Yes, but those are interpretations or rather, the model that you 
map over to the symbolic machinery. So you have a mapping from 
your model to something more concrete.

> OOP is simply the ability to abstract. Inheritance is 
> abstraction. When one inherits from a class they are 
> generalizing or abstracting that class. It's very powerful when 
> you had no ability to do this before(C).

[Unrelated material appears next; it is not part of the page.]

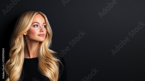 hair, blond, woman, beautiful, portrait, female, coiffure, fashion, beauty, elegant, style, long hair, gorgeous, glamour, wavy, curl, face, model, happy, cheerful, lady, luxurious, studio, stylish, pretty, adult, one person, young, confident, make-up, attractive, looking away, dreamy, serene, natural beauty, shiny, smooth, honed, radiant, charming, grace, sophisticated, chic, classic, stunning, aesthetic

No. OO-modelling is a tool for abstraction. Inheritance is a 
relationship that is in the model. When you inherit you 
specialize the more abstract super class. The superclass is more 
abstract because it lacks more information about the phenomon 
(reality) being modelled than the subclass. So the subclass 
contains more details, and closer reflects the properties of 
reality than the superclass.

However, the language constructs are just tools that provide 
machinery for implementing the model. Just like the symbolic 
machinery of logic is a tool for implementing integers and 
operations over integers in math. You can have many different 
symbolic implementations of integers. Right? Unfortunately, in 
math people might say that a specific symbolic representation is 
a model of integer. Whereas in computer-terminology "integer" 
would be the model and the representation would be the 
implementation.

> Ultimately it has nothing to do with specific languages except 
> that they provide examples of where we are at in the process of 
> all this.

Well, the whole is greater than the sum of the individual parts, 
so what really does make a difference is how everything work 
together. That includes the IDE and different tools for 
interactive code analysis.

> If you understand all that then what I'm saying is that 
> category theory IS the theory of abstraction

There is no doubt that it is A theory of abstraction...

> Of course, if one abstracts too much one arrives a singular 
> point! Which turns out to be quite powerful! ;)

The problem with abstraction is that one deliberately (or 
mistakenly) ignores information, that is true.